【矢祭山・檜山】たぶん、あのときの山
矢祭山・檜山
(福島, 茨城)
2026年02月22日(日)
日帰り
若い時は山登りというものが嫌いだった。
「なぜわざわざ高いところへ行くのか」。
平地で十分ではないか。
ずっと文明というものは平らなところに築かれてきたのである。
理解できなかった。
それもそのはず。トラウマがある。
🐅でも🐎でもない。山である。
小学生のとき、子供会のイベントで山に登った。
引率は近所の誰かのお母さんだった。
「歩幅を狭くすると楽よ」
たいへん親切にアドバイスをくれた。理屈も正しい。
だが、理屈と脚力は別問題だった。
ハァハァである。実にハァハァである。しからずんばハァハァである。
子供ながらに「これは罰ゲームではないか」と思った。
しかも岩場。
足を踏み外したら一大事になりそうな場所。
そこで私は知った。
自分は高所恐怖症である、と。
山は怖い。山はきつい。山は意味がわからない。
三拍子そろっている。
それなのに——
気がつけば、おじさんになって山登りにハマっている。
人生というのは、伏線の回収が雑である。
そしてふと思った。
「あのときの山はどこだったのか」
母に聞いた。
「……やまつりやま、じゃない?」
その響きは妙に懐かしかった。
私の心の中では「山・釣り・山」である。
なんだか楽しそうだ。
英語にすると
“A mountain catches a mountain.”
山が山を釣る。
スケールが大きいのか小さいのかわからない。
ところが調べてみると、違った。
矢祭山
「矢・祭・山」である。
英語にすると
“Arrow Festival Mountain”。
こっちのほうが断然かっこいい。
さらに驚いたことに、その山は茨城ではなく福島にあった。
記憶というのは、地理に弱い。
今住んでいる東京の西のほうからだと、
朝一番の電車に乗っても矢祭山駅に着くのは昼前。
遠い。

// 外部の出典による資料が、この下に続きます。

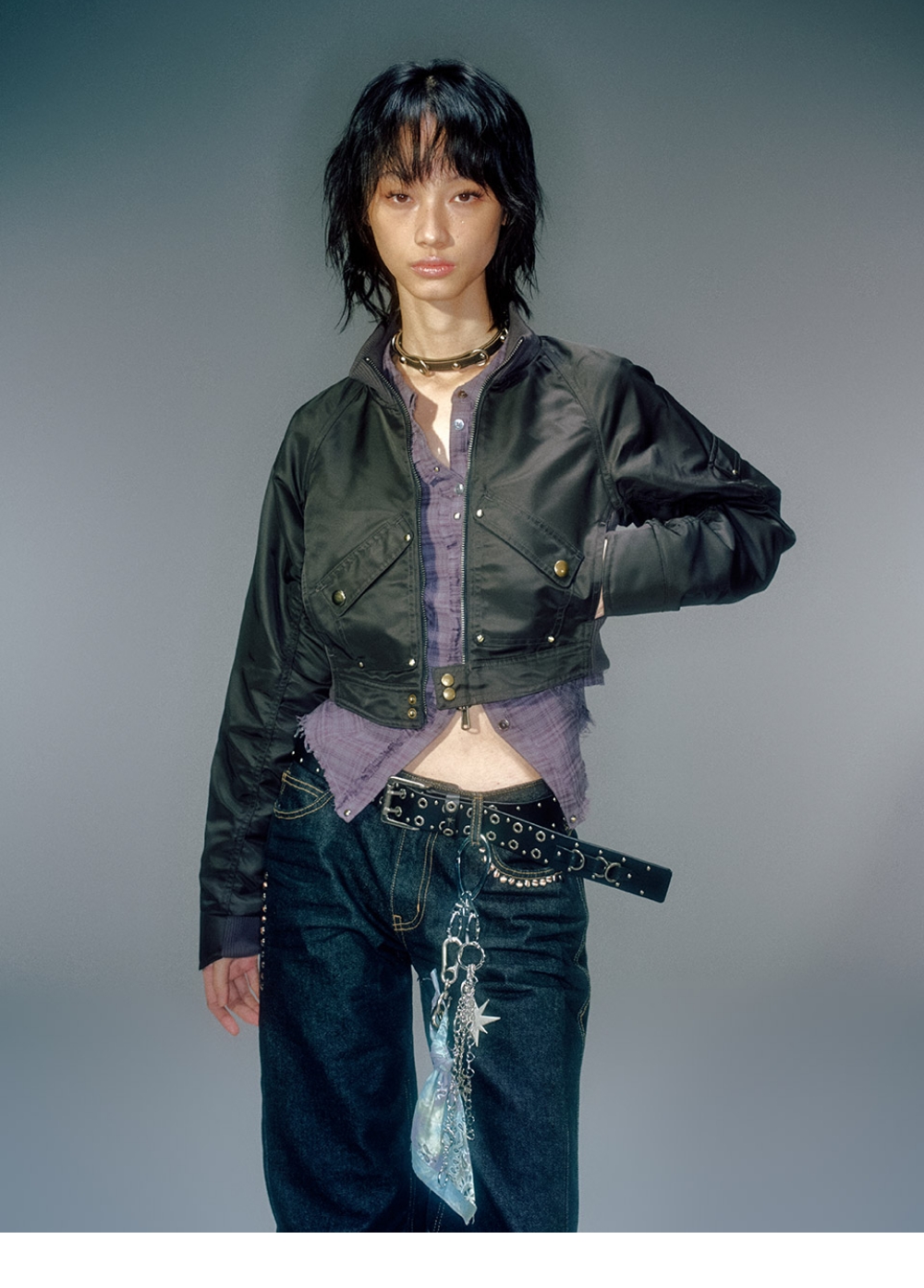 크롭한 기장감의 홀겹 점퍼 베이컨트 제작 YKK 2WAY 지퍼 사용 비정형 포켓 디테일 시보리 원단의 배색으로 인한 슬림핏 연출

実に遠い。しからずんば遠い。
なので水戸に1泊することにした。
実家である。無料である。
しかも夕食に手巻き寿司をご馳走してくれた。
家族とはありがたいものだ。
矢祭山は、いい山だった。
檜山もよかった。
天気がよかったのもあるが、トレイルを地元の方が丁寧に整備されているようだ。
そして人は少ない。静かな山行というやつだ。
すれ違ったのは10人と、犬1匹。
犬は元気だった。
私はハァハァだった。
しかし今回は嫌ではなかった。
そして思うのである。
小学生のときに来たのは、
たぶんこの山だ。
たぶん。
人生は、ときどき
「たぶん」でちょうどいい。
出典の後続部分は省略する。